The Activism Show

Showing and doing are two different things.

In acting, we call that telegraphing. It’s when you are deliberately showing everyone your intentions and making a display of your actions to the audience all the way to the punchline. In comedy, it’s the fastest way to kill a joke. In most work, it turns off the audience because it makes them feel like they are so stupid that you have to be “extra” for them the understand the point.

This behavior is an extremely easy trap to fall into on Instagram. In the early days of racial unrest, I watched reactions pour in. From my “people”…ugh I’m going to pause there. I hate being classified as much as anyone else. I am a white woman. Gifted with privilege at birth because of my skin, raised in a time when the generations before me had made solid strides towards equality. Maybe it was due to the work of my parents, maybe it was due to teachers that invested in me, maybe I’m just lucky and had the right combination of life experiences, but I have never thought less of a person because of the color of their skin.

In the early days, messages spread like wildfire. Post a black square. Profess your antiracism. Join the BLM movement, but wait, don’t take the BLM movement on your black square because it’s drowning out the posts that need to be seen. Send money here. LISTEN to these people. Mute your feed. We were all trying SO HARD. And many of us were messing up left any right because it was hard to keep up with the ever changing instructions on how to be antiracist.
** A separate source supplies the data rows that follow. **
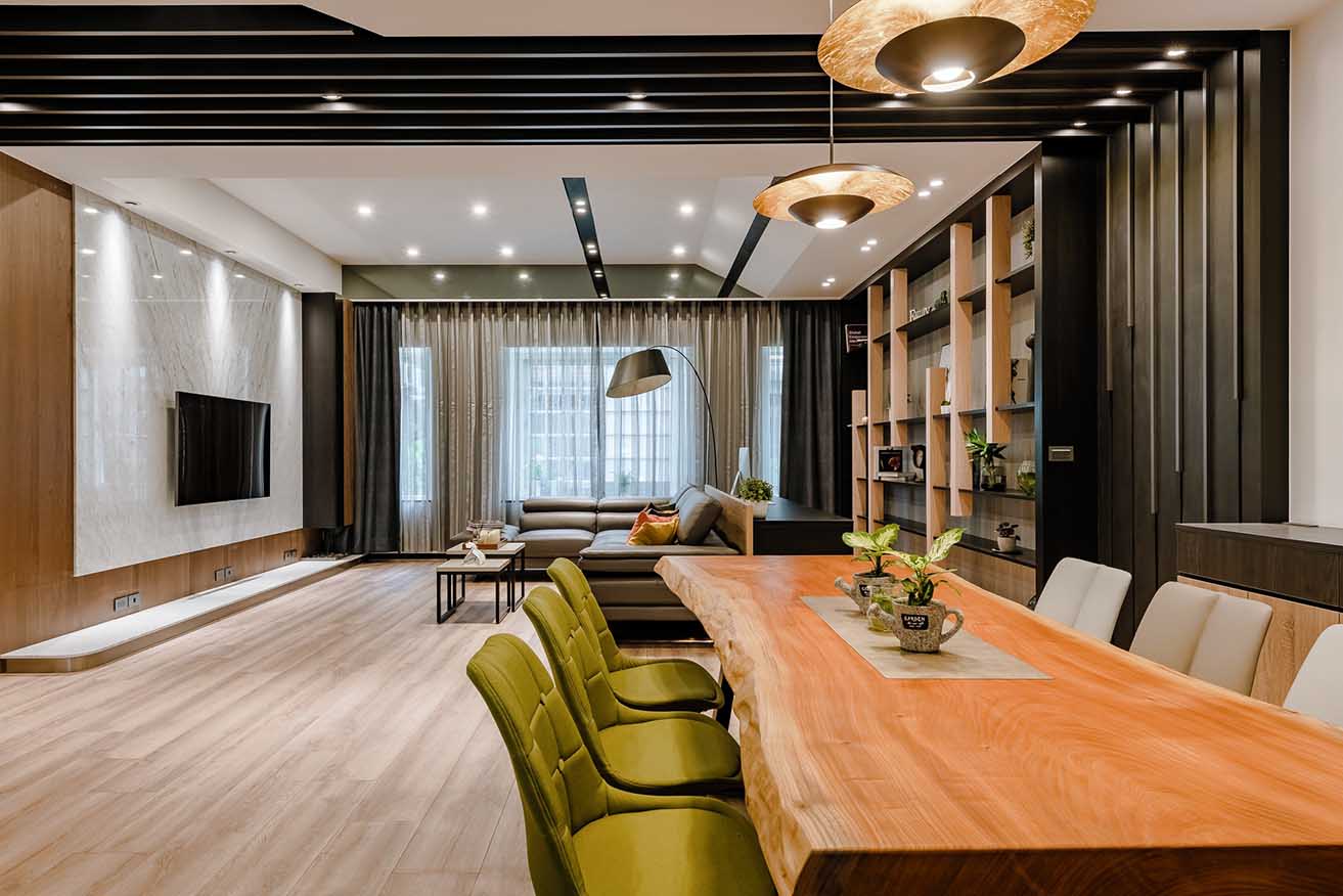 ▲天花板梁柱使用圓弧造型虛化,並結合燈光、畫軌與風琴廉設計。
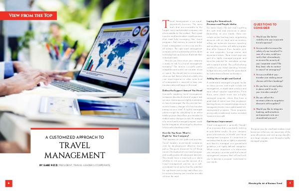 View from the Top A CUSTOMIZED APPROACH TO TRAVEL MANAGEMENT BY GABE RIZZI, PRESIDENT, TRAVEL LEADERS CORPORATE 6
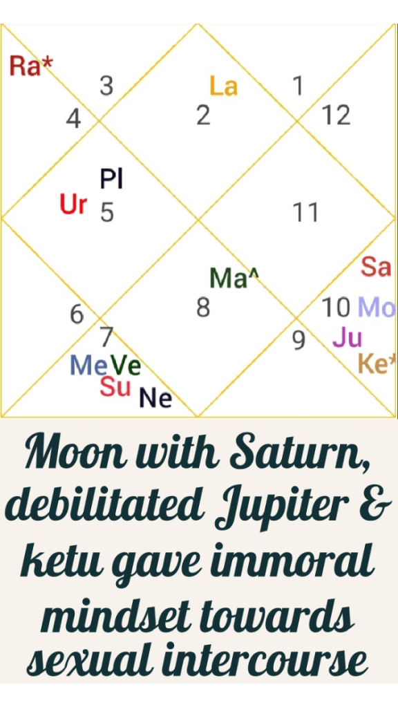 Influence of planets under which one indulges in sexual intercourse with multiple partners are Venus, Mars, Rahu, Saturn and Mercury. Any association of above mentioned planets with each other makes fornication yoga in horoscope.

I paused, but I didn’t post that I paused. To me, it felt inauthentic. It felt like a big show. I don’t have thousands of followers. I’m hardly an influencer. So for me, “presenting” that I’m muted and listening just looks like I’m hitching onto the bandwagon. At least those are the optics from where I sit. Isn’t the point of muting to give the stage to those who need to be heard?

I did feel the need to do something. So, here is what I did:

Connected to my neighbors, who are black. We had an open conversation about what it going on. I am grateful for them because my son will never have to find out unlearn anything. Our neighbors are wonderful and we have a very easy friendship. I didn’t meet my first black friend until High School.

Contacted my alderman. Learned about the details of the Evanston reparations program.

Contacted my PD and learned about the community review board that has advisory input on policing methods.

Journaled, journaled, journaled. I needed a space to sort out my thoughts free from judgement. You can’t weed out bad thoughts or behaviors if you have to always filter.

The metaphorical street is very necessarily one way right now. Centuries of hurt and rage are rolling out and the only thing that I feel right doing is letting it roll and try to stay safe in the process.

We have a long and challenging road ahead of us. I’m facing it openly, willing to get my feelings hurt, and ready to stand up for what is right, but I didn’t need to tell you that because I’m just going to do it. Activism is not a show. It’s action.